Но вот дождь становится мельче; туча начинает разделяться на волнистые облака, светлеть в том месте, в котором должно быть солнце, и сквозь серовато-белые края тучи чуть виднеется клочек ясной лазури. Через минуту робкий луч солнца уже блестит в лужах дороги, на полосах падающего, как сквозь сито, мелкого, прямого дождя и на обмытой, блестящей зелени дорожной травы. Черная туча также грозно застилает противоположную сторону небосклона, но я уже не боюсь ее. Я испытываю невыразимо-отрадное чувство надежды в жизни, быстро заменяющее во мне тяжелое чувство страха. Душа моя улыбается так же, как и освеженная, повеселевшая природа. Василий откидывает воротник шинели, снимает фуражку и отряхивает ее; Володя откидывает фартук; я высовываюсь из брички и жадно впиваю в себя освеженный, душистый воздух. Блестящий, обмытый кузов кареты с важами и чемоданами покачивается перед нами, спины лошадей, шлеи, вожжи, шины колес – всё мокро и блестит на солнце, как покрытое лаком. С одной стороны дороги – необозримое озимое поле, кое-где перерезанное неглубокими овражками, блестит мокрой землею и зеленью и расстилается тенистым ковром до самого горизонта; с другой стороны – осиновая роща, поросшая ореховым и черемушным подседом, как бы в избытке счастия стоит, не шелохнется и медленно роняет с своих обмытых ветвей светлые капли дождя на сухие прошлогодние листья. Со всех сторон вьются с веселой песнью и быстро падают хохлатые жаворонки; в мокрых кустах слышно хлопотливое движение маленьких птичек и из середины рощи ясно долетают звуки кукушки. Так обаятелен этот чудный запах леса, после весенней грозы, запах березы, фиялки, прелого листа, сморчков, черемухи, что я не могу усидеть в бричке, соскакиваю с подножки, бегу к кустам и, несмотря на то, что меня осыпает дождевыми каплями, рву мокрые ветки распустившейся черемухи, бью себя ими по лицу и упиваюсь их чудным запахом. Не обращая даже внимания на то, что к сапогам моим липнут огромные комки грязи, и чулки мои давно уже мокры, я, шлепая по грязи, бегу к окну кареты.

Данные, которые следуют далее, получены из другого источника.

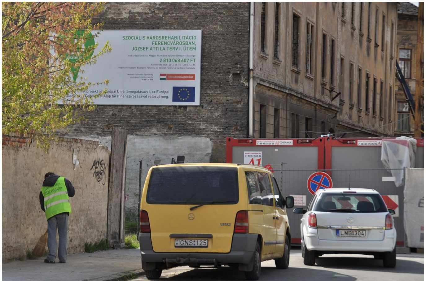
A "véd?sáv" másik oldalán maradtak a régi szociális bérházak: ezeket most már felújítják
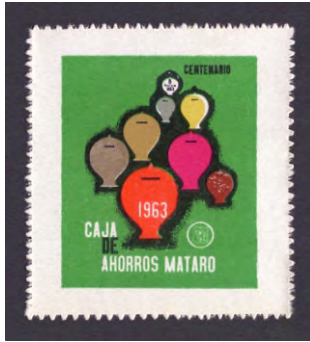
1963 - 1

La Caixa d'Estalvis de Mataró fue una entidad fundada el 8 de febrero de 1863 en Mataró (Maresme), una idea que se había comenzado a gestar en una reunión el 8 de julio de 1859 y que cuatro años más tarde se hizo realidad, siendo la tercera entidad de ahorros creada en Cataluña y que de inmediato comenzó a implicarse en diversas iniciativas sociales, relacionadas con la construcción de grupos escolares y viviendas sociales, que requería el municipio de Mataró.

– Любочка! Катенька! – кричу я, подавая туда несколько веток черемухи: – посмотри, как хорошо!

Девочки пищат, ахают; Мими кричит, чтобы я ушел, а то меня непременно раздавят.

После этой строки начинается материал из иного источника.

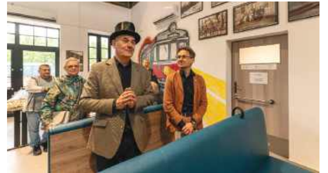
Część wystawy można obejrzeć w barze Peron.
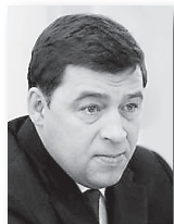
Евгений Куйвашев, губернатор:

Общий объем инвестиций в развитие в 2016 году может достигнуть 50,2 млрд рублей
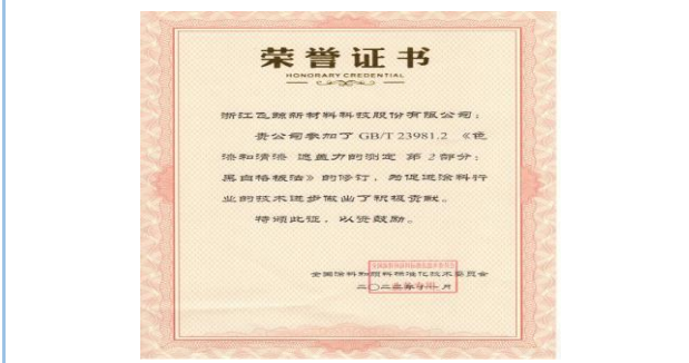
2022年11月，获得国家标准的GB/T 23981.2《色漆和清漆遮盖力的测定 第2部分: 黑白格板法》的修订证书。

– Да ты понюхай, как пахнет! – кричу я.

ГЛАВА III.
НОВЫЙ ВЗГЛЯД.

Катенька сидела подле меня в бричке и, склонив свою хорошенькую головку, задумчиво следила за убегающей под колесами пыльной дорогой. Я молча смотрел на нее и удивлялся тому не детски грустному выражению, которое в первый раз встречал на ее розовеньком личике.

– А вот скоро мы и приедем в Москву, – сказал я: – как ты думаешь, какая она?

– Не знаю, – отвечала она нехотя.

– Ну всё-таки как ты думаешь: больше Серпухова или нет?…

– Что?

– Я ничего.

Но по тому инстинктивному чувству, которым один человек угадывает мысли другого, и которое служит путеводною нитью разговора, Катенька поняла, что мне больно ее равнодушие; она подняла голову и обратилась ко мне:

– Папа говорил вам, что мы будем жить у бабушки?

– Говорил; бабушка хочет совсем с нами жить.

– И все будем жить?

– Разумеется; мы будем жить наверху в одной половине; вы в другой половине; а папа во флигеле; а обедать будем все вместе, внизу у бабушки.

– Maman говорит, что бабушка такая важная – сердитая?

 

– Не-ет! Это только так кажется сначала. Она важная, но совсем не сердитая; напротив, очень добрая, веселая. Коли бы ты видела, какой бал был в ее именины!

– Всё-таки я боюсь ее; да, впрочем, Бог знает, будем ли мы…

Катенька вдруг замолчала и опять задумалась.

– Что-о? – спросил я с беспокойством.

– Ничего, я так.

– Нет, ты что-то сказала: «Бог знает…»

– Так ты говорил, какой был бал у бабушки.

– Да вот жалко, что вас не было; гостей было пропасть, человек тысяча, музыка, генералы, и я танцовал.... Катенька! – сказал я вдруг, останавливаясь в середине своего описания: – ты не слушаешь?

– Нет, слышу; ты говорил, что ты танцовал.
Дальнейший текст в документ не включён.